[Information given]:

* * * * *

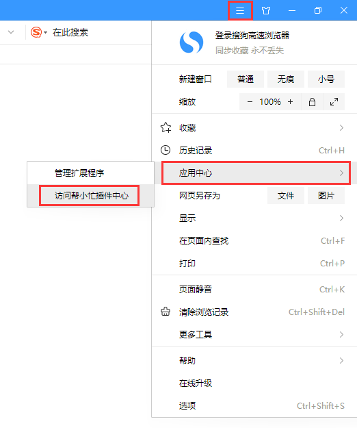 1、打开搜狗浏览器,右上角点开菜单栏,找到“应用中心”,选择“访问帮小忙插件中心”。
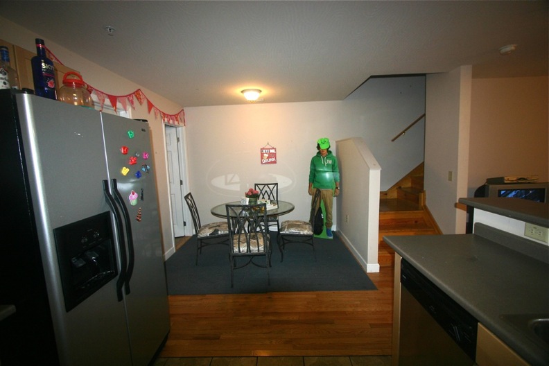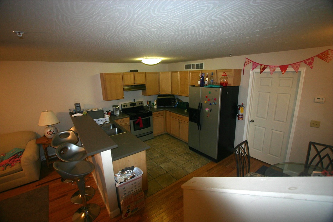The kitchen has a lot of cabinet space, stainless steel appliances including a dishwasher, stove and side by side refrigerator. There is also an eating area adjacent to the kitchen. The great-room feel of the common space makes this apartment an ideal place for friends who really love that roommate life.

* * * * *

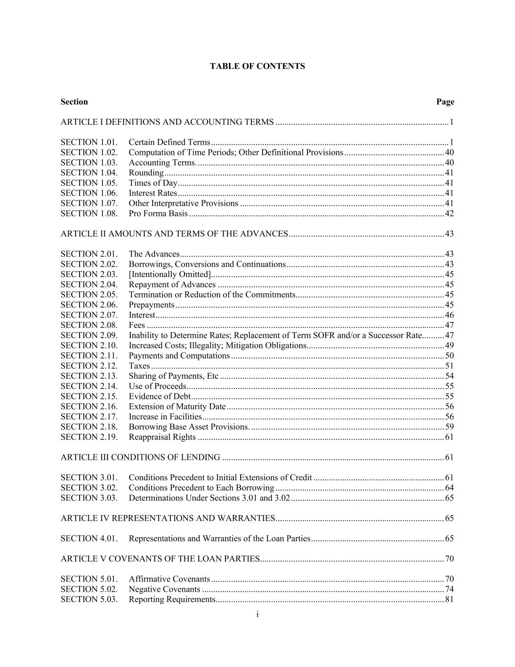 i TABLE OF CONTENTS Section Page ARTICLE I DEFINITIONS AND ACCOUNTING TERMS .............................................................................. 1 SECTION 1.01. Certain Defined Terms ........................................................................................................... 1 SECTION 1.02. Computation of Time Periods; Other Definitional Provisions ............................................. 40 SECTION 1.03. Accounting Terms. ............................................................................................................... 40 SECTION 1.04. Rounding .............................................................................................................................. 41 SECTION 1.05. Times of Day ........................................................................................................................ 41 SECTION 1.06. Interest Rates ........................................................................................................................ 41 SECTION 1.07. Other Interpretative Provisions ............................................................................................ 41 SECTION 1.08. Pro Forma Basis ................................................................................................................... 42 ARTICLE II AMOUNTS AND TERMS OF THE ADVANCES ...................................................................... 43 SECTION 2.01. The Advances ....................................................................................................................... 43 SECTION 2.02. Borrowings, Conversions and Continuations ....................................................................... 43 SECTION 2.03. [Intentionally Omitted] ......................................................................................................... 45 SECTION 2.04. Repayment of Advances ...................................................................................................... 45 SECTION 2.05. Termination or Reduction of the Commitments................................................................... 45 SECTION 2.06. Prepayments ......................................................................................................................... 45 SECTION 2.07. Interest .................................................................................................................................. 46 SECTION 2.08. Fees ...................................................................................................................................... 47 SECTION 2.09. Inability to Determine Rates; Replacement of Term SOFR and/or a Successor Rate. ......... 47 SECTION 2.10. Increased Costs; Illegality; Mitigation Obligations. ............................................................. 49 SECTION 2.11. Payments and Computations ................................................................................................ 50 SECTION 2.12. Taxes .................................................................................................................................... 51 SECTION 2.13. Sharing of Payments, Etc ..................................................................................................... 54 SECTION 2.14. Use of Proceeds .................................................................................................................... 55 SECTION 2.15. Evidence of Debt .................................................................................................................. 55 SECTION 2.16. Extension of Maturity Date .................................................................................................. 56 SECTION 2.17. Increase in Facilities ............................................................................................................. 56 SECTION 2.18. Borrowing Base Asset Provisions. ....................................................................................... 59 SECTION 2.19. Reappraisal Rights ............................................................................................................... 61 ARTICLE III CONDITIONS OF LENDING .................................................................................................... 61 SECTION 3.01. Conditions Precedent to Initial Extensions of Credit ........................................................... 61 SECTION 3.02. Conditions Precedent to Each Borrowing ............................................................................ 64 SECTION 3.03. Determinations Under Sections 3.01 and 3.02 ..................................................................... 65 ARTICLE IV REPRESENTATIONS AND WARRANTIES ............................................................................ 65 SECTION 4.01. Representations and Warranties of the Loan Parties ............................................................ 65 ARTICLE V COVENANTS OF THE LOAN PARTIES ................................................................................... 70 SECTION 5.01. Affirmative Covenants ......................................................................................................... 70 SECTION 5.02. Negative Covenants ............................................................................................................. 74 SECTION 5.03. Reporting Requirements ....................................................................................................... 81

* * * * *

Reproduce the data above exactly, but only from the line containing "1、打开搜狗浏览器,右上角点" through the line containing "The kitchen has"; skip the pictures.

[Written reply]:
 1、打开搜狗浏览器,右上角点开菜单栏,找到“应用中心”,选择“访问帮小忙插件中心”。
The kitchen has a lot of cabinet space, stainless steel appliances including a dishwasher, stove and side by side refrigerator. There is also an eating area adjacent to the kitchen. The great-room feel of the common space makes this apartment an ideal place for friends who really love that roommate life.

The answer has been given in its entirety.